_What needs to be done_
From the listing below, copy only the lines from the line that contains "Учет проведенных учебных" to the line that contains "Конструкция навесной фасадной", counting those two lines as part of the copy.

_Data to examine_

Content starts

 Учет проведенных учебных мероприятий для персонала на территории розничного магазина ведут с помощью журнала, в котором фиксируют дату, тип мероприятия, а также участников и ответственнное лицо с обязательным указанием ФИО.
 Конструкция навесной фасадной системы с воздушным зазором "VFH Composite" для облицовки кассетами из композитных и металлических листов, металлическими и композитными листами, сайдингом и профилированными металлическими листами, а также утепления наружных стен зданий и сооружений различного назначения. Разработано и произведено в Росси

Content ends
Content starts

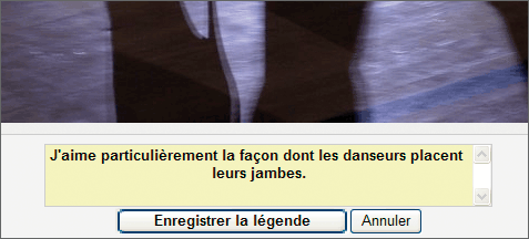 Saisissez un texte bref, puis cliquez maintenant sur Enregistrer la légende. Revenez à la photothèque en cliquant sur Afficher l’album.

Content ends
Content starts

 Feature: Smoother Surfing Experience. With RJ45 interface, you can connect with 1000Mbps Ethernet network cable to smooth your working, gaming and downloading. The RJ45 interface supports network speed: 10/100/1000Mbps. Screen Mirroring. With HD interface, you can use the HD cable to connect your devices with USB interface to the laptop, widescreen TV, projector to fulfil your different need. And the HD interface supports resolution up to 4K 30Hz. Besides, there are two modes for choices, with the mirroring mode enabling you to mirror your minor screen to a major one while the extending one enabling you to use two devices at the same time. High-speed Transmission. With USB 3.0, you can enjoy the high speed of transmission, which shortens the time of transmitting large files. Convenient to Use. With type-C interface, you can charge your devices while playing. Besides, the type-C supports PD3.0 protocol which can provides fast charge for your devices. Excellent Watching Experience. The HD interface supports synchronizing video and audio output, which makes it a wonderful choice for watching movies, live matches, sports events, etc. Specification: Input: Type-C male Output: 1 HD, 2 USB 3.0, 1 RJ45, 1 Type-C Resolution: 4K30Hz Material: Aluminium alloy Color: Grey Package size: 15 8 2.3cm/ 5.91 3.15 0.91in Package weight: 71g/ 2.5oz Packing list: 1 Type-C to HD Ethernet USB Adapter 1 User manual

Content ends

_Result of the task_
 Учет проведенных учебных мероприятий для персонала на территории розничного магазина ведут с помощью журнала, в котором фиксируют дату, тип мероприятия, а также участников и ответственнное лицо с обязательным указанием ФИО.
 Конструкция навесной фасадной системы с воздушным зазором "VFH Composite" для облицовки кассетами из композитных и металлических листов, металлическими и композитными листами, сайдингом и профилированными металлическими листами, а также утепления наружных стен зданий и сооружений различного назначения. Разработано и произведено в Росси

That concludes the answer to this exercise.